Amey is set for another showdown with a major council after partially winning an early round in a legal battle with West Sussex County Council.
Amey Highways Ltd had asked for the High Court for a summary judgement in the case, after West Sussex awarded its Highways Term Service Contract 2018-2028 to Ringway.
While a summary judgement was not granted, the council failed to have the case thrown out either on the grounds that Amey ran out of time to take legal action, or that Amey's case had no chance of success.
This has left the two parties set for further legal action if no resolution can be found. The news comes just months after lost another battle with Birmingham City Council.
The judgement states that Amey’s case 'may be subdivided into two broad categories of attack':
'i) Amey alleges that instructions given by the Council on 19 January and/or 2 February 2018 about how it should structure its presentation of certain staff costs were unlawful. It is not in dispute that implementation of the instructions had the effect of reducing the score that Amey’s tender would receive in respect of price.
ii) Amey alleges manifest error in the scoring of two criteria and that it should have been awarded a higher score for those criteria.'
The way the tender and its costings was outlined, Justice Stuart-Smith states, meant local office overheads 'also fell to be included in either Total Revenue Costs or Total Capital Costs for any of years 1-7, the structure of the ITT’s [Invitation to Tender] costing model would mean that such costs were brought into the tenderer’s submitted pricing twice'.
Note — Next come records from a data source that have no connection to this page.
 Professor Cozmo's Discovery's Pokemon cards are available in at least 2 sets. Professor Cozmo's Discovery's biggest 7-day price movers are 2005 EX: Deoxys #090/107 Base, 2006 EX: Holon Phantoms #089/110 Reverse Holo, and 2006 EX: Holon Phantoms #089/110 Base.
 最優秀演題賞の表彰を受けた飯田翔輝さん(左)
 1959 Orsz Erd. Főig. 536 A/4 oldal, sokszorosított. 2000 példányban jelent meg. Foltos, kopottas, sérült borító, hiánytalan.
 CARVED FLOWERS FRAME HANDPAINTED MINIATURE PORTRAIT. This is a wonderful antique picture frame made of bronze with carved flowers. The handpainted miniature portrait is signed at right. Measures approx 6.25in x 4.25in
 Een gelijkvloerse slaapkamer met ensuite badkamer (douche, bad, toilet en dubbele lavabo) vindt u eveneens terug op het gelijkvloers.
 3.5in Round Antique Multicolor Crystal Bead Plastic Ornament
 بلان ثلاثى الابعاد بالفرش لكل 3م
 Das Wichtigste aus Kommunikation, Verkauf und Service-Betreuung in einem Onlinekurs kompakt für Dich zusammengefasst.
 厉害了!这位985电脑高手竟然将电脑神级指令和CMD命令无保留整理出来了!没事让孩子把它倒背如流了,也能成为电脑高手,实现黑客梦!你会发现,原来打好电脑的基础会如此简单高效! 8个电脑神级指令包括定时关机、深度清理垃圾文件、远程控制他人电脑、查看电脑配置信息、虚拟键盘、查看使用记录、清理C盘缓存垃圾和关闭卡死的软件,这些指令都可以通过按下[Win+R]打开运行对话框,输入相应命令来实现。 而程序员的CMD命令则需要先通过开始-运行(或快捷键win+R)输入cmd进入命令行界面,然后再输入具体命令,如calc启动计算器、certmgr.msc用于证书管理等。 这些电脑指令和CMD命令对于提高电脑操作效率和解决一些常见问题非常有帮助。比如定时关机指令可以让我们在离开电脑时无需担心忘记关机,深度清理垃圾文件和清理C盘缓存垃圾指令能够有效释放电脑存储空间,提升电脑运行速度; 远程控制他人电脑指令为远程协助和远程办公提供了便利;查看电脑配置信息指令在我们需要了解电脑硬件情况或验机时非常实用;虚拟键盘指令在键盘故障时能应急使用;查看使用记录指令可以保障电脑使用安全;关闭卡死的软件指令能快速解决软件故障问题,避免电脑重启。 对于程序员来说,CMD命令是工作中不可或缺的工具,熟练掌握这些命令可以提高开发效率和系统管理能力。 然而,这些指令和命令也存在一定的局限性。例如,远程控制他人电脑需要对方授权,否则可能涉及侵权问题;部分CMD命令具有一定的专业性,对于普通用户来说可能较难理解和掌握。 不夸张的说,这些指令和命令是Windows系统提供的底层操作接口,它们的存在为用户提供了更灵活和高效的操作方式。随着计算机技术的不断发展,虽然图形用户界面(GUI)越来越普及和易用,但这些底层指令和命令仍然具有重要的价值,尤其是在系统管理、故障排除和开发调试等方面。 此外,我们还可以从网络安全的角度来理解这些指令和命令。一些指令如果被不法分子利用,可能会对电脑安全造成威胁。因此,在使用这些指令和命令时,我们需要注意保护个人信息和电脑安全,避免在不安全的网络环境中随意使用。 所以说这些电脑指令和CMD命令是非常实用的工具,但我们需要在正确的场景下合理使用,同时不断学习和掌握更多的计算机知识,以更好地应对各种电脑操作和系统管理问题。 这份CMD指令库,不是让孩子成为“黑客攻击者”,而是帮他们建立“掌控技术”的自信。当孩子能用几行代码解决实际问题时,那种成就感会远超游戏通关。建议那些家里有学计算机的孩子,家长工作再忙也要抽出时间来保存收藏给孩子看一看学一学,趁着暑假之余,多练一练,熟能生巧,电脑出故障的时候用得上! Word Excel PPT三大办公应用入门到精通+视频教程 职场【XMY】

'There was therefore an incentive for tenderers not to include sums appearing in their Total Costs in the LMO as well. On the documentary evidence it appears that Amey was conscious of the possibility that other tenderers might gain an unfair advantage by wrongly excluding costs from LMO that should have been included there'
Amey alleges it received instructions from the council relating to this situation - specifically relating to the equivalent of 4.25 full time employees that Amey asserted would not come at the council's expense - that were unlawful. Related to this, Amey alleges it should have scored higher on its scorecards.
Mr Justice Stuart-Smith ruled: 'I am not convinced that this is one of those relatively rare cases where the claim can be seen to be overwhelmingly strong or weak. I have not been addressed and am not in a position to make a reliable estimate of the strength or weakness of Amey’s claim or the Council’s proposed substantive defence save to say that neither appears to be fanciful on the materials and submissions that have been available and made at the present hearing.'
Determination of the issues requires 'close consideration of the factual evidence that is beyond the scope of a strike out/summary judgement application', the ruling states.
The procurement process was subject to a competitive dialogue process, involving three stages: first, an Invitation to Submit Outline Solutions; second, a Competitive Dialogue and; third, a Call for Final Tenders.
The Invitation to Tender divided the tender submission into two sections, quality and cost. The quality submission was worth 40% of the overall score with the cost submission being worth 60%.
Highways approached Amey and West Sussex County Council for comment.